Try it -
Each entry should be transcribed exactly as written, and any picture left out.

Top of Material for the task

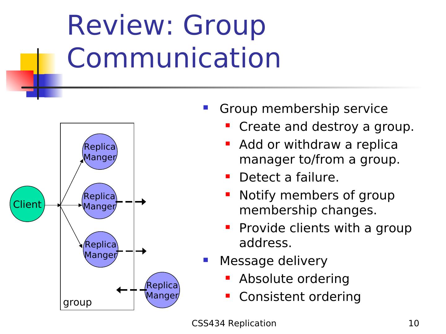 10 . Review: Group Communication Group membership service Create and destroy a group. Add or withdraw a replica Replica Manger manager to/from a group. Detect a failure. Replica Notify members of group Client Manger membership changes. Provide clients with a group Replica address. Manger Message delivery Absolute ordering Replica Manger Consistent ordering group CSS434 Replication 10
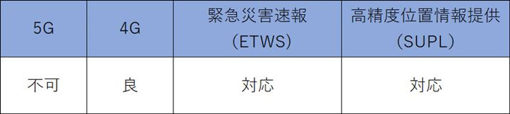本記事では、5Gと4Gの対応レベルを、独自の基準により4段階で判定している。基準は以下となる。また、緊急速報および高精度位置情報提供についても解説しよう。
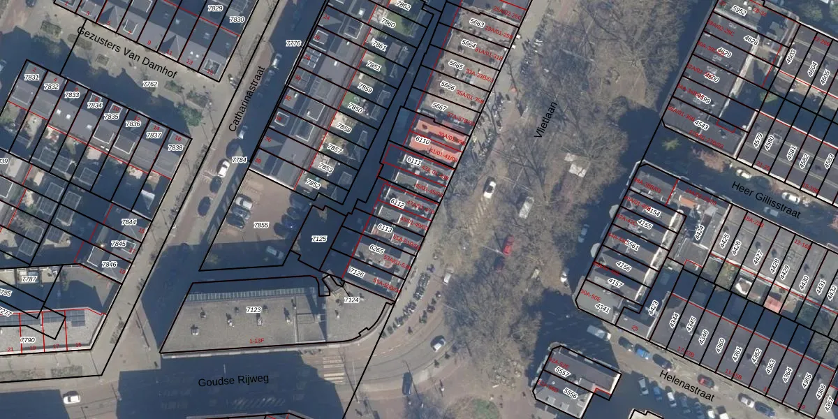 Vlietlaan 47-A-01 is gelegen op kadastraal perceel RTD07R6112. Deze kadastrale aanduiding is uniek en wordt gebruikt door het Kadaster om eigendomsrechten en andere zakelijke rechten vast te leggen. Het perceel maakt onderdeel uit van de kadastrale gemeente Rotterdam.
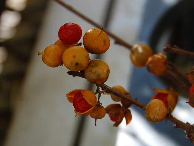 属名の Celastrus はギリシャ語の「Celastros(セイヨウキヅタ)」から。
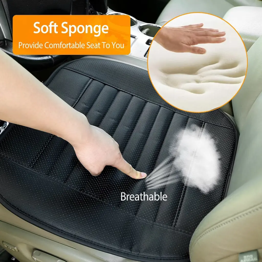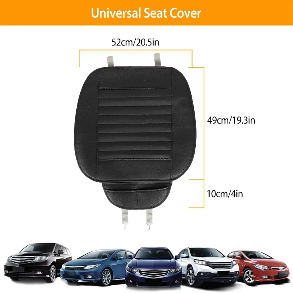 Breathable Comfort: The car seat cover features a soft, breathable design with a thin sponge and bamboo charcoal filling, providing relief from long hours of sitting and keeping you cool and comfortable. Non-Slip Bottom: Equipped with small silicone bumps, the non-slip bottom ensures the seat cover stays securely in place, enhancing driver safety by preventing shifting during use. Universal Fit: Designed to fit most car seats, this cover is suitable for use in all seasons, keeping your car seat fresh and protected from wear and tear. Convenient Storage Pocket: The front pocket allows quick access to your essentials such as a wallet, phone, or cards, providing extra organization and convenience. Easy Installation: The seat cover can be easily installed or removed with the included snaps and elastic bands. It stays securely in place for a snug, hassle-free fit. Note: To clean, use a damp towel—do not machine wash. Ensure the seat belt locks are not covered when installing, as they vary in placement across car models. Specifications: Brand: iMounTEK Product Type: Car Front Seat Cover Color: Black Material: PVC Leather Size: 52x49x1 cm / 20.5x19.3x0.4 in Weight: 321g / 0.7 lbs Package Size: 54x51x1.5 cm / 21.3x20x0.6 in Package Weight: 385g / 0.85 lbs Package Includes: 1 x Car Front Seat Cover 2 x Snaps 1 x User Manual
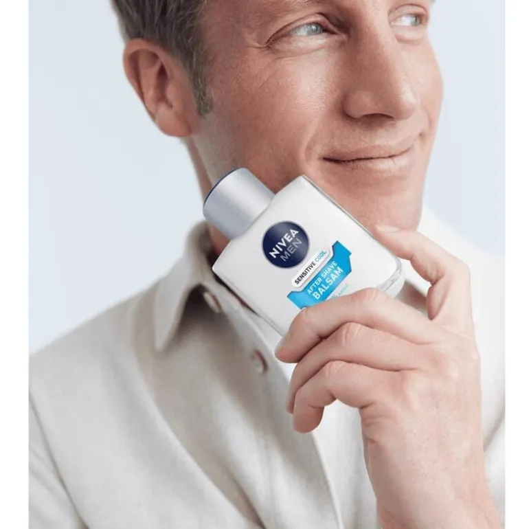 NIVEA MEN Sensitive Cooling Aftershave Balsem verzacht direct na het scheren. Deze aftershave verkoelt irritaties zonder een branderig gevoel achter te laten en biedt een langdurig mild en comfortabel gevoel op de huid. De alcoholvrije* formule met kamille en hydraterend zeewierextract brandt niet en verzacht de huid. Geen ontsierende roodheid en andere irritaties dus, en precies wat je zoekt voor een zelfverzekerd gevoel.
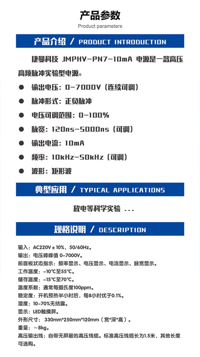 JMPHV-PN7-10mA 高頻高壓脈沖電源
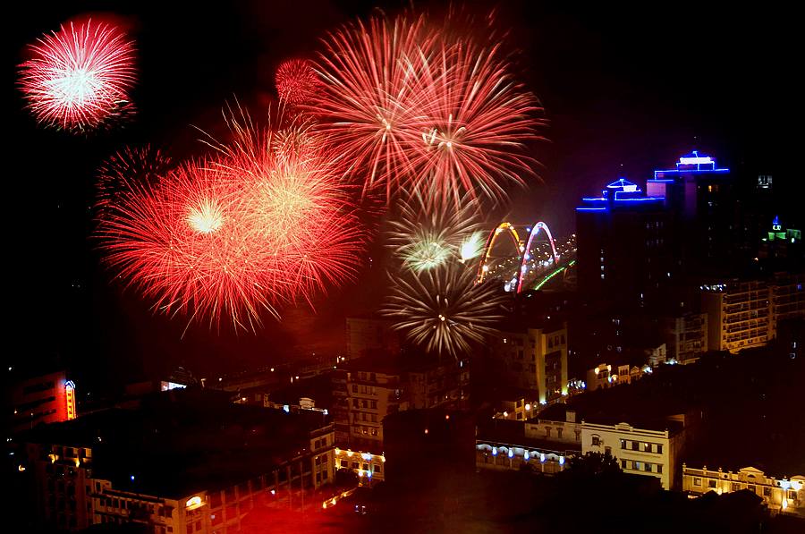 10月30日晚,第六屆梧州國際寶石節焰火晚會在西江南岸舉行,多彩焰火美不勝收。(麥朝樞攝)
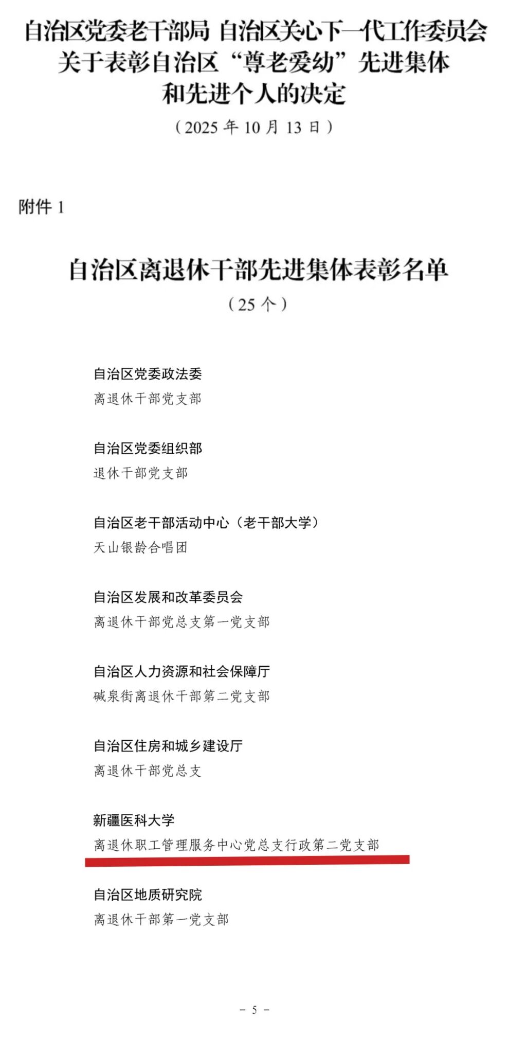 近日,自治区党委老干部局、自治区关心下一代工作委员会授予 25 个集体 “自治区离退休干部先进集体” 称号,beat365中文在线官网离退休职工管理服务中心党总支行政第二党支部获此殊荣。
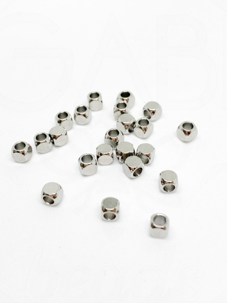 Nerūdijančio plieno intarpai, plieno spalvos, 4x4x4mm, 6vnt
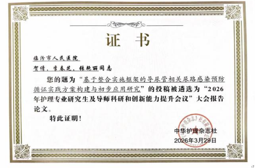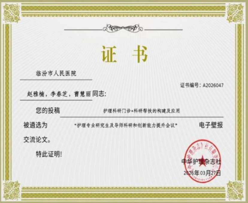 一直以来,我院将科研人才培养作为学科发展核心抓手,完善多元培养体系、强化创新科研支撑,助力职工成长为“临床+科研”双优型人才。未来,我院将持续搭建学术交流平台,鼓励护理人员深耕科研、勇于创新,以科研赋能护理服务提质增效,为守护群众健康贡献力量。
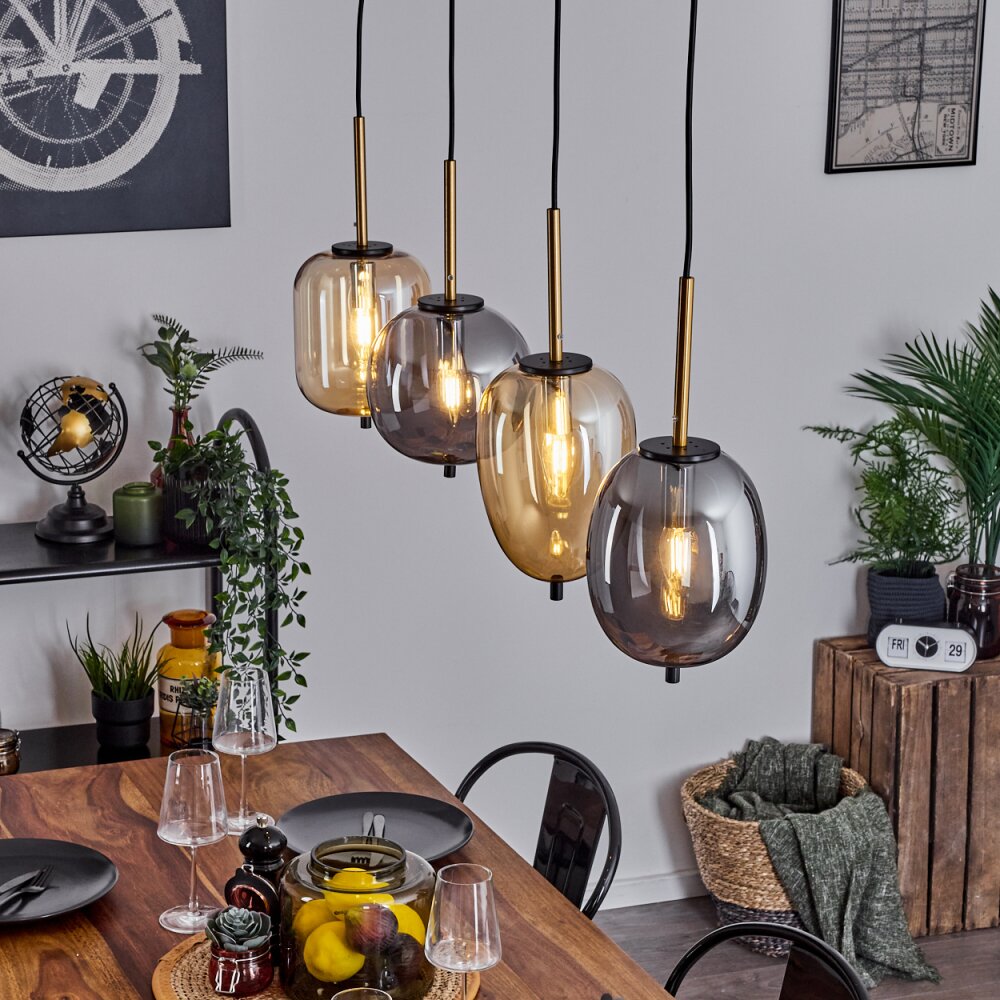 Verbania Hanger Messing, Zwart, 4-lichts
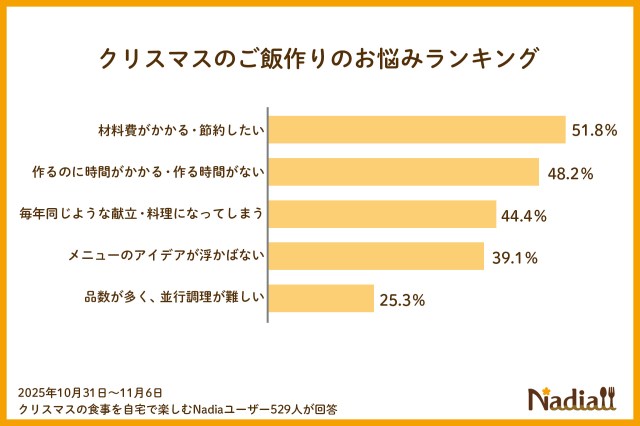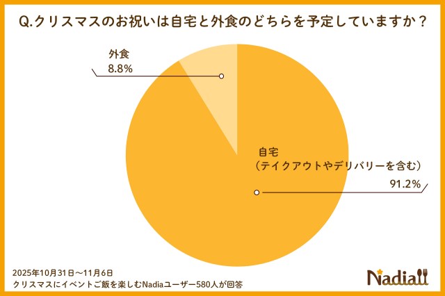 料理メディア「ナディア(Nadia)」が公開したのは、「クリスマスのイベントご飯」に関するユーザーアンケートの結果。
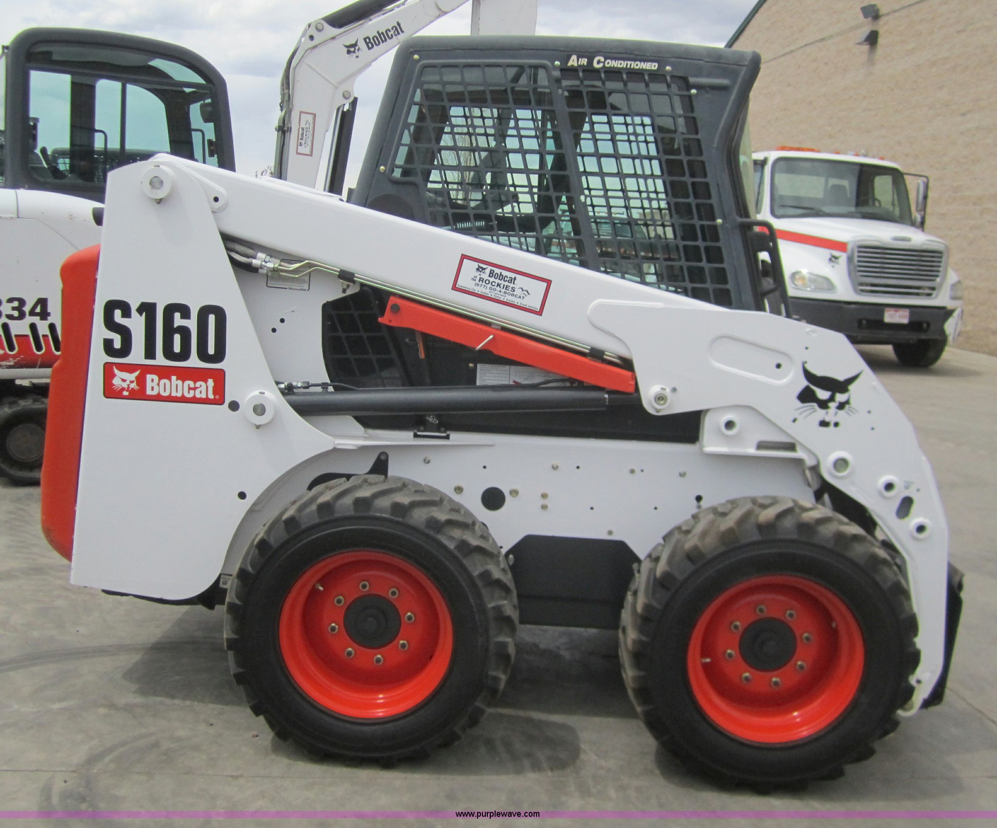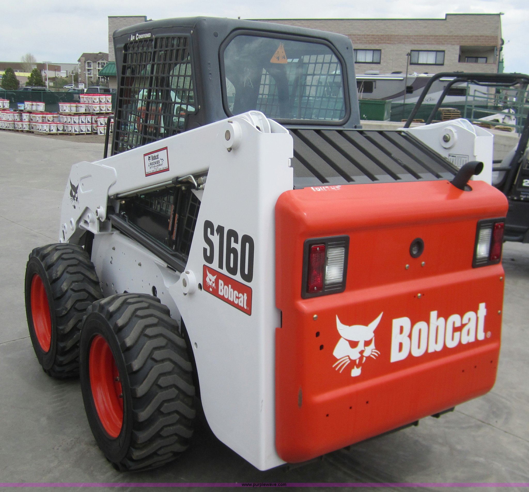 Purple Wave is selling a used Skid Steer Loader in Colorado. This item is a 2008 Bobcat S160 skid steer with the following: 204 hours on meter, Kubota V2003 four cylinder diesel engine, Enclosed cab with AC and heat, Joystick controls, Windshield wiper with fluid wash, Quick attach bucket, Auxiliary hydraulics with high flow connection, 10-16.5NHS tires, Serial 52991404, EIN 1011745

Bottom of Material for the task

Solution for this exercise -
 10 . Review: Group Communication Group membership service Create and destroy a group. Add or withdraw a replica Replica Manger manager to/from a group. Detect a failure. Replica Notify members of group Client Manger membership changes. Provide clients with a group Replica address. Manger Message delivery Absolute ordering Replica Manger Consistent ordering group CSS434 Replication 10
本記事では、5Gと4Gの対応レベルを、独自の基準により4段階で判定している。基準は以下となる。また、緊急速報および高精度位置情報提供についても解説しよう。
 Vlietlaan 47-A-01 is gelegen op kadastraal perceel RTD07R6112. Deze kadastrale aanduiding is uniek en wordt gebruikt door het Kadaster om eigendomsrechten en andere zakelijke rechten vast te leggen. Het perceel maakt onderdeel uit van de kadastrale gemeente Rotterdam.
 属名の Celastrus はギリシャ語の「Celastros(セイヨウキヅタ)」から。
 Breathable Comfort: The car seat cover features a soft, breathable design with a thin sponge and bamboo charcoal filling, providing relief from long hours of sitting and keeping you cool and comfortable. Non-Slip Bottom: Equipped with small silicone bumps, the non-slip bottom ensures the seat cover stays securely in place, enhancing driver safety by preventing shifting during use. Universal Fit: Designed to fit most car seats, this cover is suitable for use in all seasons, keeping your car seat fresh and protected from wear and tear. Convenient Storage Pocket: The front pocket allows quick access to your essentials such as a wallet, phone, or cards, providing extra organization and convenience. Easy Installation: The seat cover can be easily installed or removed with the included snaps and elastic bands. It stays securely in place for a snug, hassle-free fit. Note: To clean, use a damp towel—do not machine wash. Ensure the seat belt locks are not covered when installing, as they vary in placement across car models. Specifications: Brand: iMounTEK Product Type: Car Front Seat Cover Color: Black Material: PVC Leather Size: 52x49x1 cm / 20.5x19.3x0.4 in Weight: 321g / 0.7 lbs Package Size: 54x51x1.5 cm / 21.3x20x0.6 in Package Weight: 385g / 0.85 lbs Package Includes: 1 x Car Front Seat Cover 2 x Snaps 1 x User Manual
 NIVEA MEN Sensitive Cooling Aftershave Balsem verzacht direct na het scheren. Deze aftershave verkoelt irritaties zonder een branderig gevoel achter te laten en biedt een langdurig mild en comfortabel gevoel op de huid. De alcoholvrije* formule met kamille en hydraterend zeewierextract brandt niet en verzacht de huid. Geen ontsierende roodheid en andere irritaties dus, en precies wat je zoekt voor een zelfverzekerd gevoel.
 JMPHV-PN7-10mA 高頻高壓脈沖電源
 10月30日晚,第六屆梧州國際寶石節焰火晚會在西江南岸舉行,多彩焰火美不勝收。(麥朝樞攝)
 近日,自治区党委老干部局、自治区关心下一代工作委员会授予 25 个集体 “自治区离退休干部先进集体” 称号,beat365中文在线官网离退休职工管理服务中心党总支行政第二党支部获此殊荣。
 Nerūdijančio plieno intarpai, plieno spalvos, 4x4x4mm, 6vnt
 一直以来,我院将科研人才培养作为学科发展核心抓手,完善多元培养体系、强化创新科研支撑,助力职工成长为“临床+科研”双优型人才。未来,我院将持续搭建学术交流平台,鼓励护理人员深耕科研、勇于创新,以科研赋能护理服务提质增效,为守护群众健康贡献力量。
 Verbania Hanger Messing, Zwart, 4-lichts
 料理メディア「ナディア(Nadia)」が公開したのは、「クリスマスのイベントご飯」に関するユーザーアンケートの結果。
 Purple Wave is selling a used Skid Steer Loader in Colorado. This item is a 2008 Bobcat S160 skid steer with the following: 204 hours on meter, Kubota V2003 four cylinder diesel engine, Enclosed cab with AC and heat, Joystick controls, Windshield wiper with fluid wash, Quick attach bucket, Auxiliary hydraulics with high flow connection, 10-16.5NHS tires, Serial 52991404, EIN 1011745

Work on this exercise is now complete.